Copy out precisely the lines from the start of the data through the line with "Poslanik koji duva", and keep pictures out of it.

(Excerpts from a dataset)
*** Block opens ***

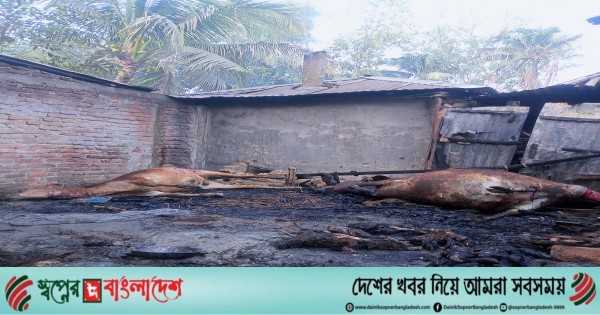 গত রোববার দিবাগত রাতে কয়েলের আগুনে গোয়ালঘরে থাকা গরু দুটি পুড়ে মারা যায়।
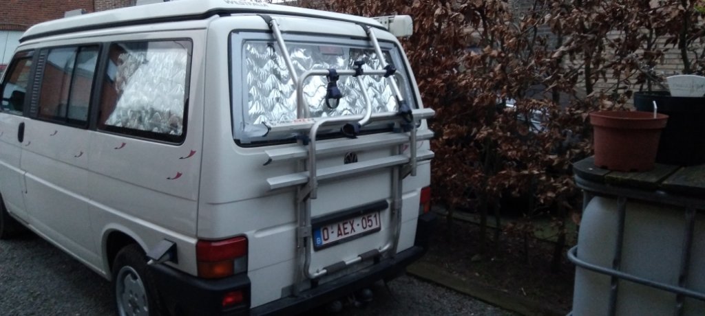 De fietsdrager is handig maar je beschadigd o zo snel je klep met een trapper of stuur. Eerste keer laat je nog spuiten, tweede keer heb ik de trapper deuk met zo een drukker eruit laten drukken en met de lakstift bij getipt.
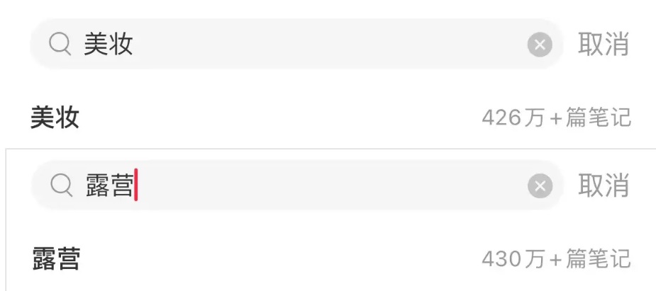 露營(yíng)、美妝筆記數(shù)量,圖/小紅書
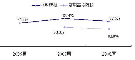 河北省2008届本科、高职高专毕业生对学校的总体满意度分别为82%、74%
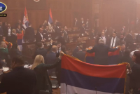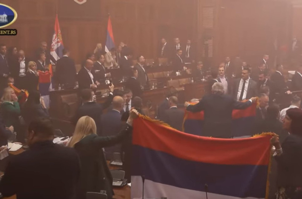 Poslanik koji duva u vuvuzelu je Vlada Jelić iz Novog Sada iz POKS-a, koji je optužen za zlostavljanje i uznemiravanje, prenose mediji.
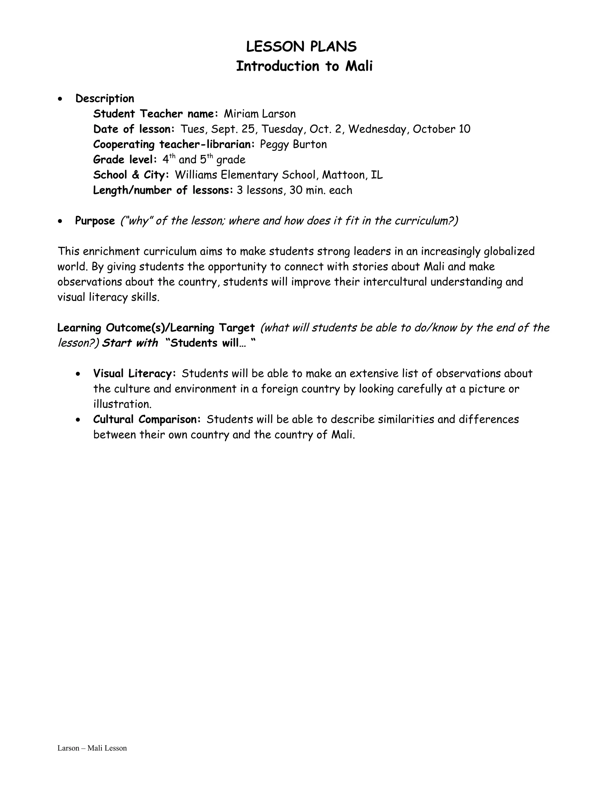 These lesson plans introduce students to the country of Mali through stories and visuals. Over four 30-minute lessons, students will read a story about a girl losing her tooth in Mali, make observations about Mali culture from illustrations, discuss what can be learned from stories versus facts, and examine photographs from a teacher's friend's trip to Mali to practice visual literacy skills. The lessons aim to improve students' cultural understanding and ability to make informed observations about other places.
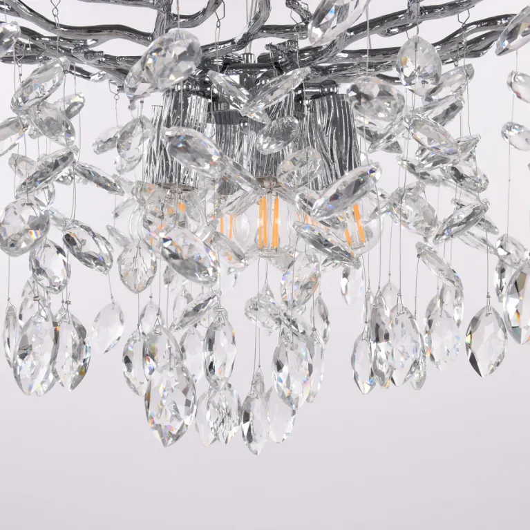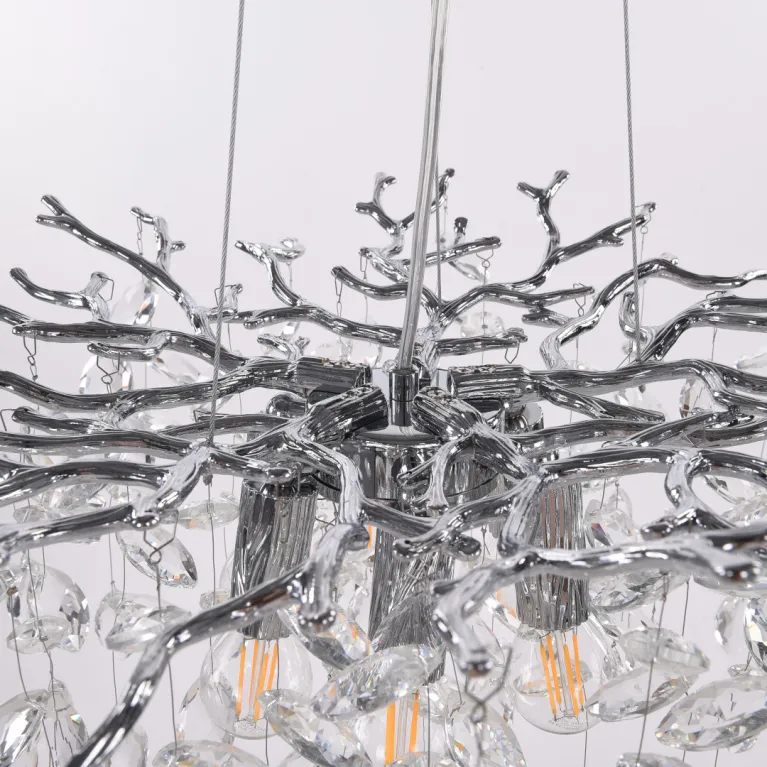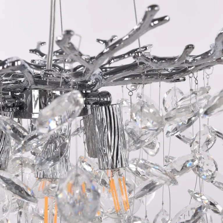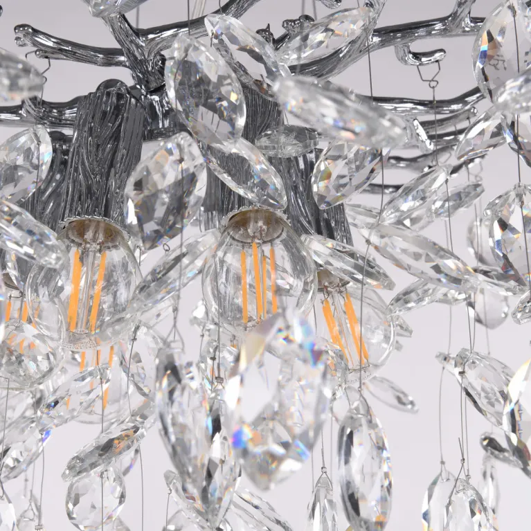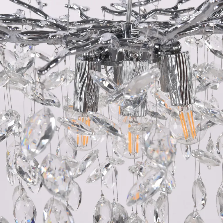 Преобладающий цвет плафонов: Прозрачный, арматуры: Хром; материал изготовления арматуры: Металл, размеры, мм: длина 300 / высота 300 / диаметр 480. Общая мощность – 240 Ватт. Основной тип ламп, предусмотренный производителем: Накаливания с цоколем E14. В зависимости от предпочтений можно использовать лампы теплового, холодного или нейтрального света, за исключением люстр с типом цоколя LED.

*** Block closes ***

# SOLUTION TO THE PROBLEM
 গত রোববার দিবাগত রাতে কয়েলের আগুনে গোয়ালঘরে থাকা গরু দুটি পুড়ে মারা যায়।
 De fietsdrager is handig maar je beschadigd o zo snel je klep met een trapper of stuur. Eerste keer laat je nog spuiten, tweede keer heb ik de trapper deuk met zo een drukker eruit laten drukken en met de lakstift bij getipt.
 露營(yíng)、美妝筆記數(shù)量,圖/小紅書
 河北省2008届本科、高职高专毕业生对学校的总体满意度分别为82%、74%
 Poslanik koji duva u vuvuzelu je Vlada Jelić iz Novog Sada iz POKS-a, koji je optužen za zlostavljanje i uznemiravanje, prenose mediji.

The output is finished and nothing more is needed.